RAW DATA —
* * *
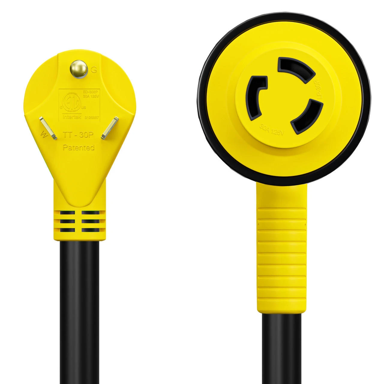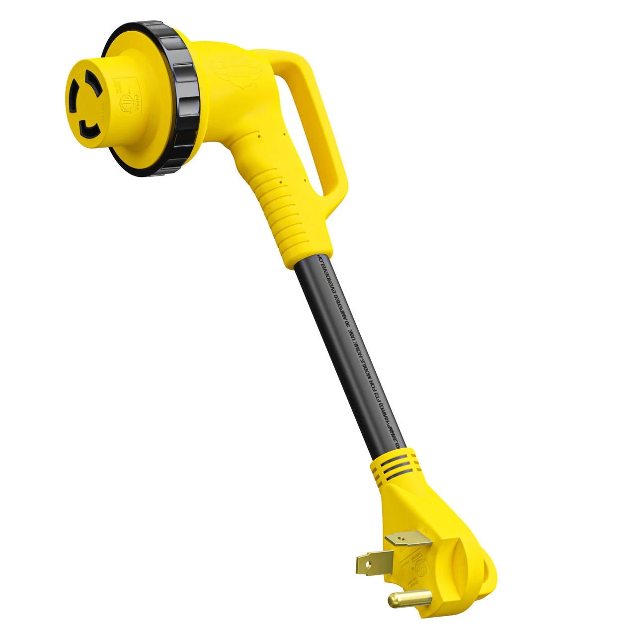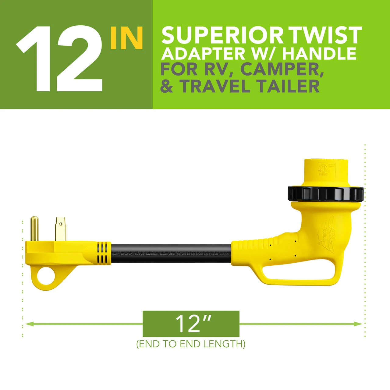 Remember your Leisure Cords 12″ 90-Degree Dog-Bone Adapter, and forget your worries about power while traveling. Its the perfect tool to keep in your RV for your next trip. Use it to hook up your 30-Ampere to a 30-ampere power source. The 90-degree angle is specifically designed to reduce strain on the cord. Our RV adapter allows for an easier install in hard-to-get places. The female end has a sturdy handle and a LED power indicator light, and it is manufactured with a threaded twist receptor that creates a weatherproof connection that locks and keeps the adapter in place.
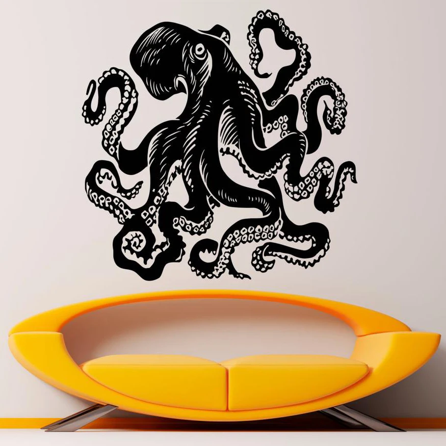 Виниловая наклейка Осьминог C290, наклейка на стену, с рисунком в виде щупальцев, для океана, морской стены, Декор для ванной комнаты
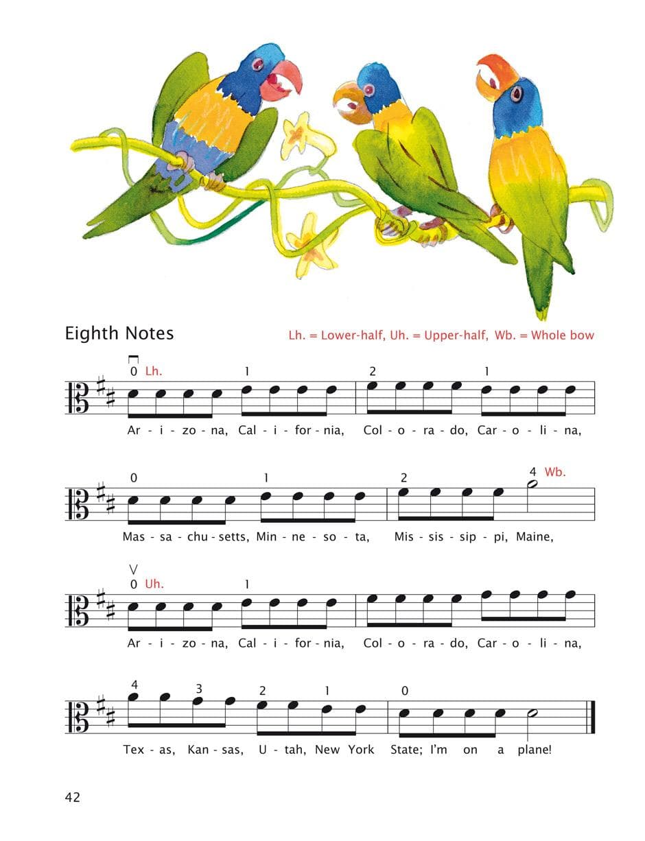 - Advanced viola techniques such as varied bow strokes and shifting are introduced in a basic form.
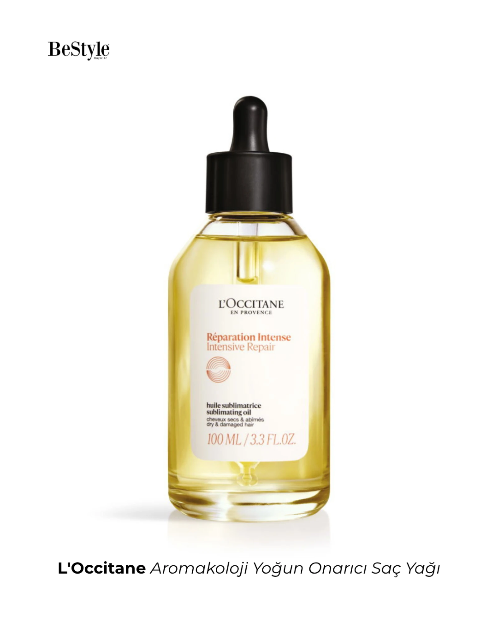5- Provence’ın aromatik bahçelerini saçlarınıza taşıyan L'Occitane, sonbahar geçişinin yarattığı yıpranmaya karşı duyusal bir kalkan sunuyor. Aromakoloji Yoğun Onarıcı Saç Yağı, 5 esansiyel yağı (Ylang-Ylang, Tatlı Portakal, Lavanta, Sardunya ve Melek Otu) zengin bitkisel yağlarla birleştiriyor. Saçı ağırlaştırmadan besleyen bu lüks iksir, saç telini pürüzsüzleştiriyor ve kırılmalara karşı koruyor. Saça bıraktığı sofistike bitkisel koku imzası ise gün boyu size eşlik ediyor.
* * *
PROBLEM — Leave out the pictures, and retype exactly the lines from the one containing "Виниловая наклейка Осьминог" through the final line of the data.

EXERCISE RESULT —
 Виниловая наклейка Осьминог C290, наклейка на стену, с рисунком в виде щупальцев, для океана, морской стены, Декор для ванной комнаты
 - Advanced viola techniques such as varied bow strokes and shifting are introduced in a basic form.
5- Provence’ın aromatik bahçelerini saçlarınıza taşıyan L'Occitane, sonbahar geçişinin yarattığı yıpranmaya karşı duyusal bir kalkan sunuyor. Aromakoloji Yoğun Onarıcı Saç Yağı, 5 esansiyel yağı (Ylang-Ylang, Tatlı Portakal, Lavanta, Sardunya ve Melek Otu) zengin bitkisel yağlarla birleştiriyor. Saçı ağırlaştırmadan besleyen bu lüks iksir, saç telini pürüzsüzleştiriyor ve kırılmalara karşı koruyor. Saça bıraktığı sofistike bitkisel koku imzası ise gün boyu size eşlik ediyor.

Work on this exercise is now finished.